The years between leaving full-time work and starting Social Security and RMDs are often the lowest income years of an adult’s life. Converting traditional IRA or 401(k) balances to a Roth during that gap fills the lower bracket with known amounts. The 12% bracket reaches $48,475 for single filers and $96,950 for joint filers by 2025. The conversion is completed before age 73, when RMDs begin under current rules, reducing the future tax balance and the RMD that comes with it. Skipping this window means a later withdrawal stacks up on Social Security, often pushing more of the benefit into the taxable zone.

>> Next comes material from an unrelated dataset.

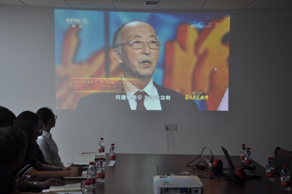 2018年9月10日晚8点,澳门网投官方网站师生代表在教学综合大楼A1505会议室共聚一堂,观看中央电视台综合频道举办的“寻找最美教师”颁奖晚会。学院党政领导、师生代表参加此次座谈会。观看颁奖典礼后,殷鸿福院士身上的矢志报国、求真务实、潜心育人、为人修行等优秀的品质令现场每一位师生深受感动和敬佩。

The third lever: when to claim Social Security

The age at which you file a claim makes a big difference in how your paycheck looks for the rest of your life. Entering 62 reduces the full retirement age benefit by about 30% for anyone born in 1960 or later, while each year of delay past full retirement age adds about 8% up to age 70. The cost-of-living adjustment for 2026 was 2.8%, and that COLA compounds on any basis benefit the recipient who deposits the larger check to the recipient and deposits the larger check to the CLA recipient. so that, every year, for the life of the retired person.

Fourth Lever: where to hold income generating assets

The current state of the ratio makes the asset position more volatile than it has been in years. The 10-year Treasury yield sits at 4.41% as of June 24, 2026. The federal funds rate is 3.63%, and the average 12-month CD pays 1.65%, though top online banks pay several times that rate. Interest income is taxed as ordinary income. Holding bonds and CDs inside a traditional IRA eliminates that tax, while Roth accounts shield it forever. Tax-deferred accounts are generally best suited for holding large long-term capital gains and qualifying dividends.

Closing

The window between 58 and 63 is short, and decisions made within it cannot be repeated. Completing the 60-to-63 catch-up, using Roth conversions in low-income years, and modeling the tradeoff of claim years against real portfolio income are three strong things that move the data points to them. Time decisions.